▸ **Goal of the exercise**: Nothing but the lines from the first line of the material below through the line that holds "本活动还特邀佛山电台知名主持" should be set down, exactly and with pictures left out.

= = = = = = =

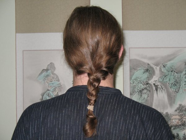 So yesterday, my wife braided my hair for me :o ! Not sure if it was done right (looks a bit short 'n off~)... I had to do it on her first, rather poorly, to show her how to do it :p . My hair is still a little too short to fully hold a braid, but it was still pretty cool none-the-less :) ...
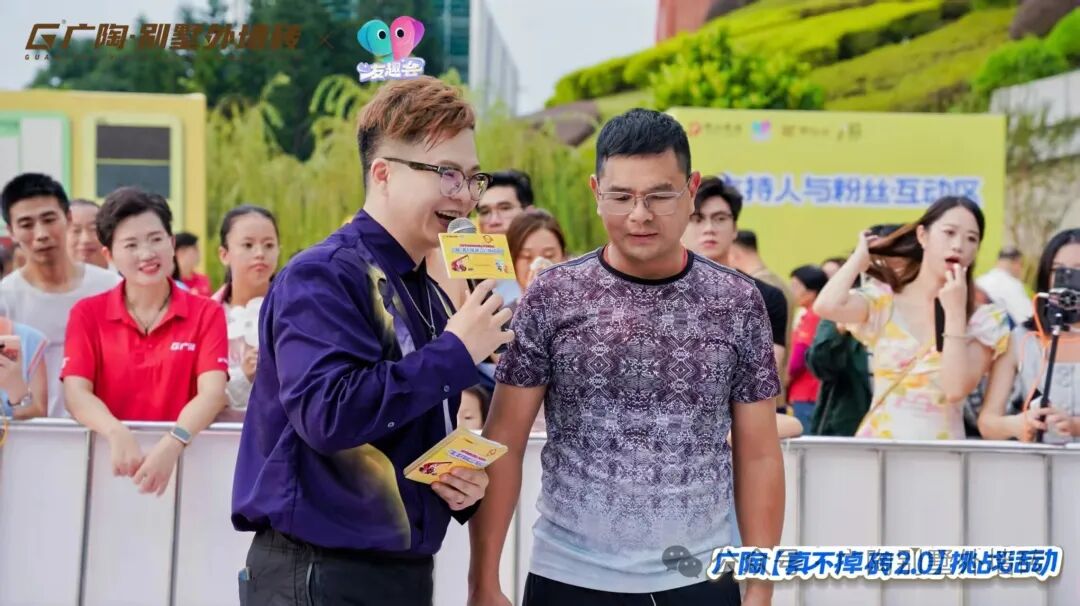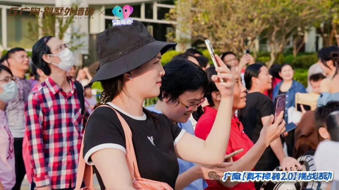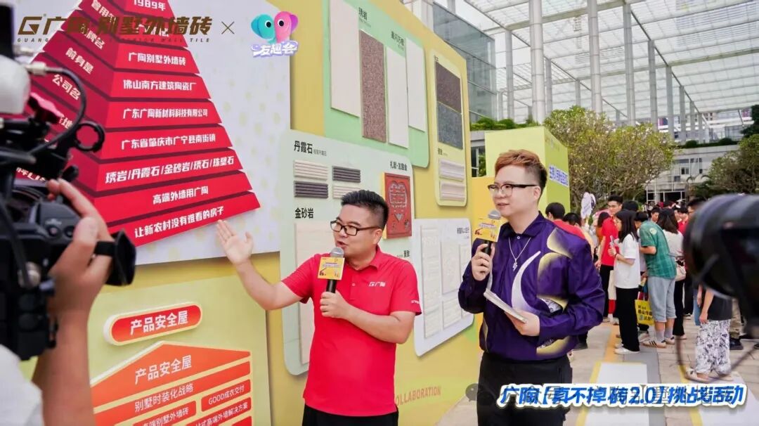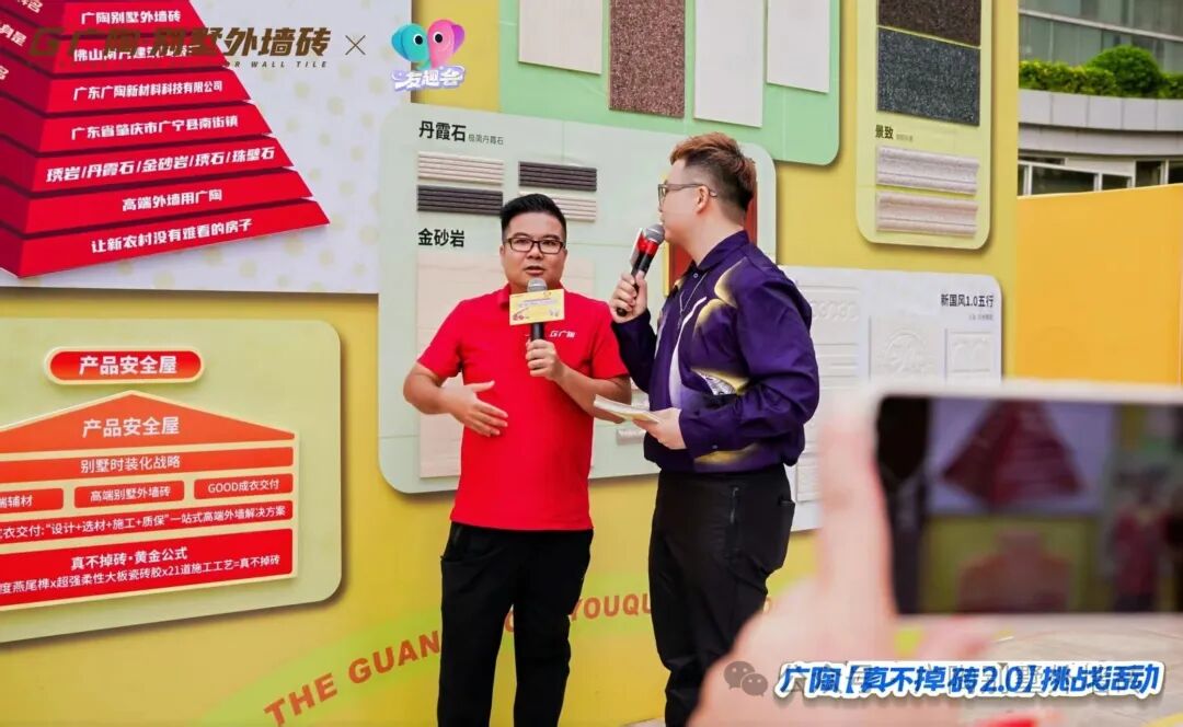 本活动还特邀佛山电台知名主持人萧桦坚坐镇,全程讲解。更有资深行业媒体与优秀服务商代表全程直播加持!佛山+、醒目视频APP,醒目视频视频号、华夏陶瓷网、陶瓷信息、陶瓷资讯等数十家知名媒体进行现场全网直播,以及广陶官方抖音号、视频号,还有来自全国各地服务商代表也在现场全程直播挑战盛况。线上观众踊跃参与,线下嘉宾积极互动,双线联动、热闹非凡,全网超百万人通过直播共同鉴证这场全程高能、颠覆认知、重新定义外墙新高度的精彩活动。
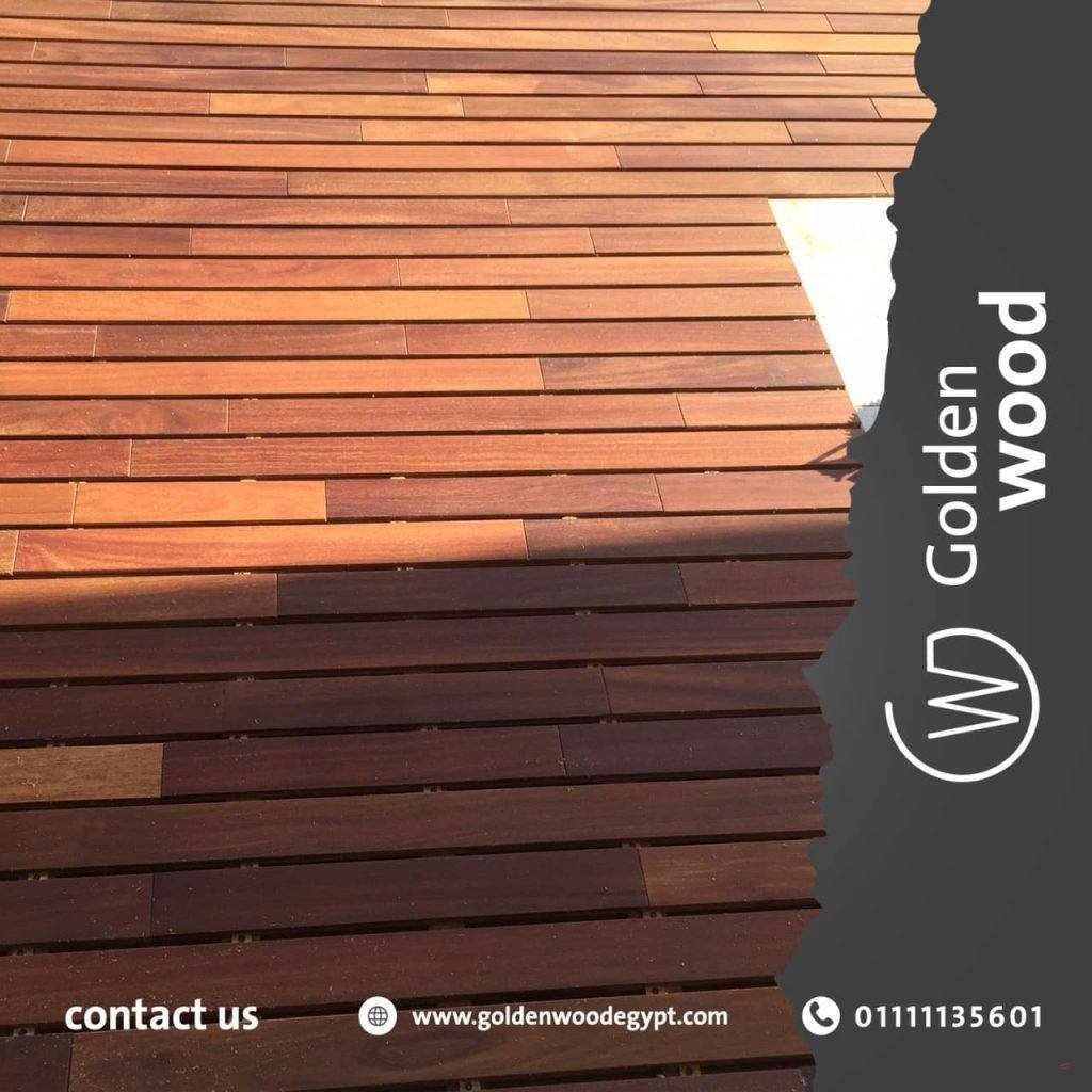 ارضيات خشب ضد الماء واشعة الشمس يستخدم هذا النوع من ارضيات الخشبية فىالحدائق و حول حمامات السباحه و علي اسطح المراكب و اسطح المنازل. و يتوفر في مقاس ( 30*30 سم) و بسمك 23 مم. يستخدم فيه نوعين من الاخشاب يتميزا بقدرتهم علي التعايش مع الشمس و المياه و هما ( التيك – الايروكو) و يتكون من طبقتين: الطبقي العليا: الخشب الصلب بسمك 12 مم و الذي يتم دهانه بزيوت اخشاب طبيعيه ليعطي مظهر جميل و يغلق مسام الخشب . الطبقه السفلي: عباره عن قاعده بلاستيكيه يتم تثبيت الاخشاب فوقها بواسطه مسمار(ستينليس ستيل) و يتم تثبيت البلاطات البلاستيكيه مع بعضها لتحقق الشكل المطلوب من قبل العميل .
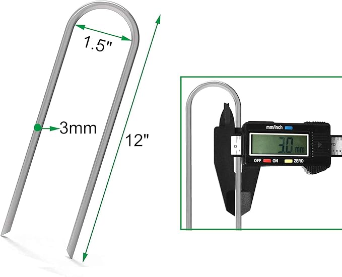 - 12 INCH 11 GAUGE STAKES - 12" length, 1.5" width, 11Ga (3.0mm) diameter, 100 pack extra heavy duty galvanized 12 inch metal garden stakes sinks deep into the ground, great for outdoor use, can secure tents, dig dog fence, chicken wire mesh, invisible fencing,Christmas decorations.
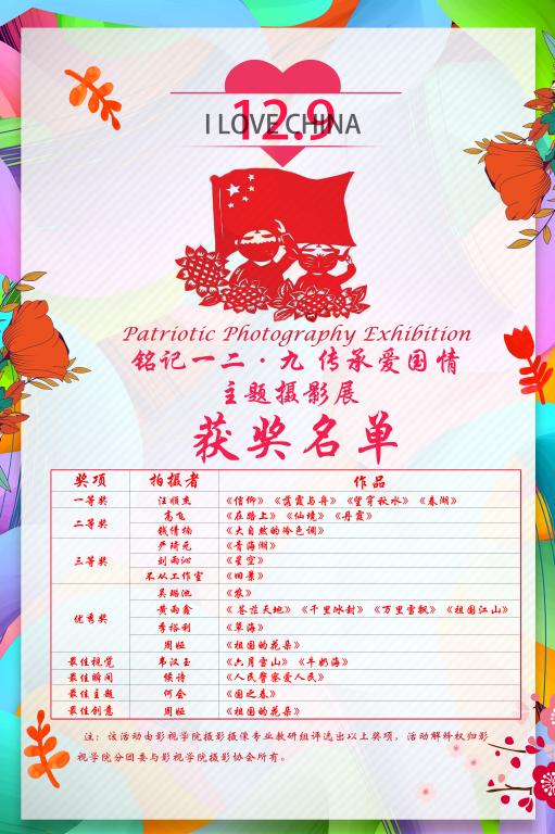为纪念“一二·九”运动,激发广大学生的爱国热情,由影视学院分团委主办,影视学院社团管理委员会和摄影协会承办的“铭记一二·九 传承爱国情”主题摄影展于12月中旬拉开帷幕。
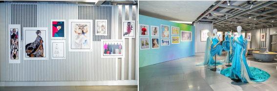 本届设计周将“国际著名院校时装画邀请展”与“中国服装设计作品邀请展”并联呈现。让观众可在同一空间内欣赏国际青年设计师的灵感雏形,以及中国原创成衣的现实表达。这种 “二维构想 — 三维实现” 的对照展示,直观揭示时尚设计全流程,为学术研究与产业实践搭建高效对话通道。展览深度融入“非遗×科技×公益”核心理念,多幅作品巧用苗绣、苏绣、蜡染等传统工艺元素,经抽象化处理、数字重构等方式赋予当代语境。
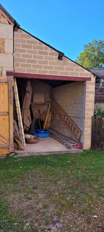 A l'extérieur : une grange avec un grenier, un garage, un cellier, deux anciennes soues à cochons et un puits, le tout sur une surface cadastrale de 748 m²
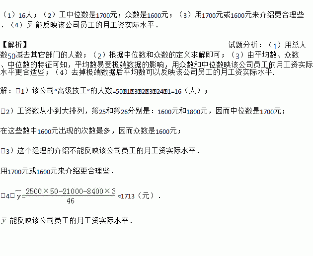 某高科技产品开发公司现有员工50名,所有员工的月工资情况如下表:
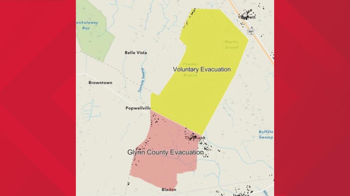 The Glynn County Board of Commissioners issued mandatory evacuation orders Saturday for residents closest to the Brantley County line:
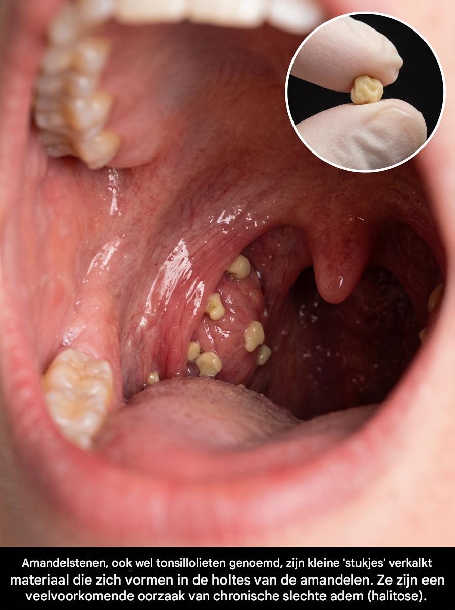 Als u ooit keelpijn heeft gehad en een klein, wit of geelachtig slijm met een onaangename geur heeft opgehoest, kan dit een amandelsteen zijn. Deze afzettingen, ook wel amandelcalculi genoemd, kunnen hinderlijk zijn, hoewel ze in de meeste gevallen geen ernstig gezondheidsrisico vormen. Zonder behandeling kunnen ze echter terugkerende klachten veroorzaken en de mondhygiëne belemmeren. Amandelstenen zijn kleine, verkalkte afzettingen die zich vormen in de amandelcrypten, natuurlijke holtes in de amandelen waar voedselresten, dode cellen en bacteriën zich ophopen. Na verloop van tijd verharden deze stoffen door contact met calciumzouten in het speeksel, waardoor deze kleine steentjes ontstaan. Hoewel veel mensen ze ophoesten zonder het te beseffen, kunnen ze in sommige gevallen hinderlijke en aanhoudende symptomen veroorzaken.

= = = = = = =

▸ **Task output**:
 So yesterday, my wife braided my hair for me :o ! Not sure if it was done right (looks a bit short 'n off~)... I had to do it on her first, rather poorly, to show her how to do it :p . My hair is still a little too short to fully hold a braid, but it was still pretty cool none-the-less :) ...
 本活动还特邀佛山电台知名主持人萧桦坚坐镇,全程讲解。更有资深行业媒体与优秀服务商代表全程直播加持!佛山+、醒目视频APP,醒目视频视频号、华夏陶瓷网、陶瓷信息、陶瓷资讯等数十家知名媒体进行现场全网直播,以及广陶官方抖音号、视频号,还有来自全国各地服务商代表也在现场全程直播挑战盛况。线上观众踊跃参与,线下嘉宾积极互动,双线联动、热闹非凡,全网超百万人通过直播共同鉴证这场全程高能、颠覆认知、重新定义外墙新高度的精彩活动。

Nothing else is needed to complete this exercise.